Print the full set of records below, character for character and picture-free.

⁂

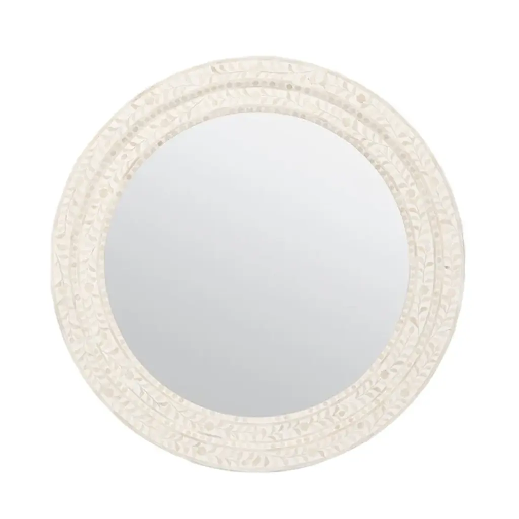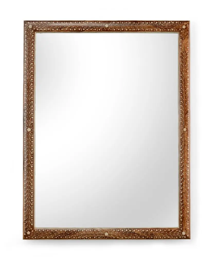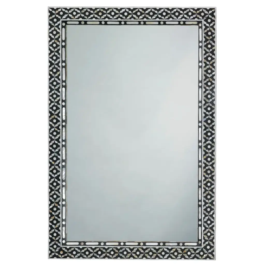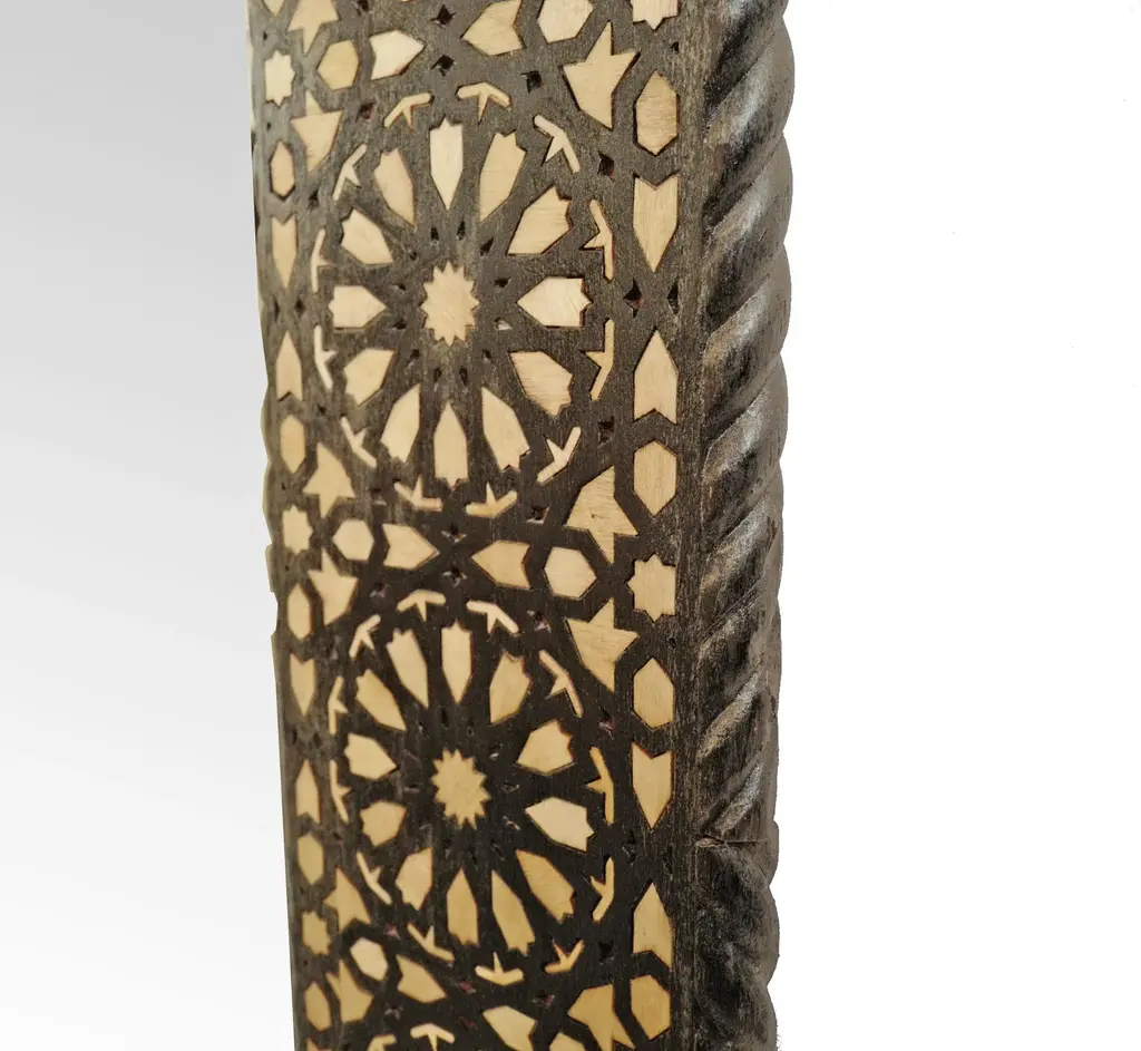 Beautiful square Moroccan wood inlay mirror frame with intricate contrasting black and raw wood patterns. Finished with a rope pattern edge.
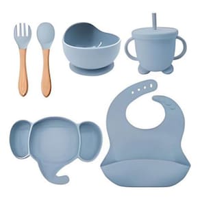 Ofereça praticidade e segurança para a alimentação do seu bebê com este completo kit de alimentação infantil em silicone. Ideal para bebês, o conjunto é composto por seis peças essenciais para o dia a dia: prato, copo, talheres, babador e pote.
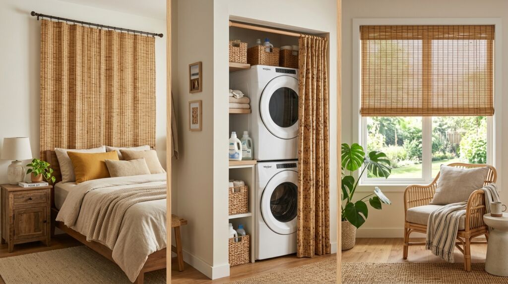 A friend of mine used a bamboo curtain to hide her laundry nook. It turned a functional eyesore into a focal point of her interior inspiration.
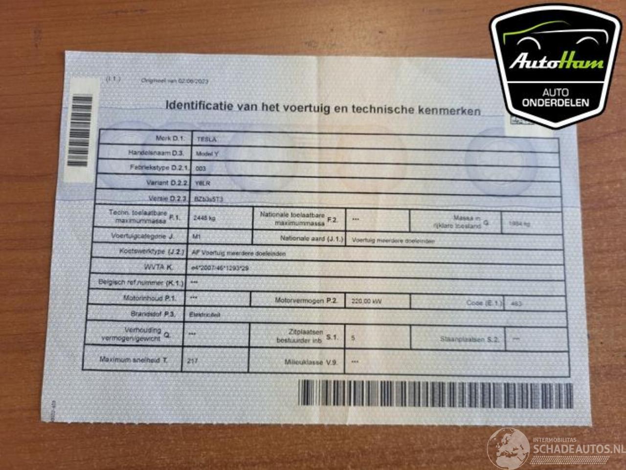 шаблон: MODEL Y  Model Y (5YJY), SUV, 2019 Long Range 72kWh
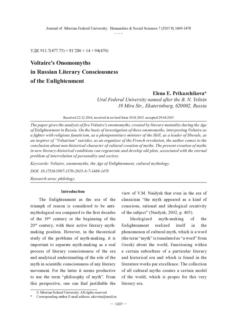 Библиографическое описание:Prikazchikova, Elena. Voltaire`s Onomomyths in Russian Literary Consciousness of the Enlightenment = Ономомифы Вольтера в русском литературном сознании эпохи просвещения / E. E. Prikazchikova. - Текст : непосредственный // Журнал Сибирского федерального университета. Гуманитарные науки. - 2015. - Т. 8, № 7. - С. 1469-1478. - Библиогр.: с. 1475-1478 (35 назв.). - ISSN 1997-1370.
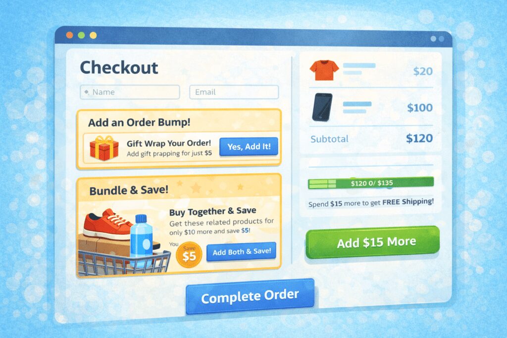 Order Bumps at Checkout: Small, low-cost add-ons can increase revenue instantly. Think of free shipping thresholds or a $5 gift wrap option.

⁂

[Reply to the task]:
 Beautiful square Moroccan wood inlay mirror frame with intricate contrasting black and raw wood patterns. Finished with a rope pattern edge.
 Ofereça praticidade e segurança para a alimentação do seu bebê com este completo kit de alimentação infantil em silicone. Ideal para bebês, o conjunto é composto por seis peças essenciais para o dia a dia: prato, copo, talheres, babador e pote.
 A friend of mine used a bamboo curtain to hide her laundry nook. It turned a functional eyesore into a focal point of her interior inspiration.
 шаблон: MODEL Y  Model Y (5YJY), SUV, 2019 Long Range 72kWh
 Библиографическое описание:Prikazchikova, Elena. Voltaire`s Onomomyths in Russian Literary Consciousness of the Enlightenment = Ономомифы Вольтера в русском литературном сознании эпохи просвещения / E. E. Prikazchikova. - Текст : непосредственный // Журнал Сибирского федерального университета. Гуманитарные науки. - 2015. - Т. 8, № 7. - С. 1469-1478. - Библиогр.: с. 1475-1478 (35 назв.). - ISSN 1997-1370.
 Order Bumps at Checkout: Small, low-cost add-ons can increase revenue instantly. Think of free shipping thresholds or a $5 gift wrap option.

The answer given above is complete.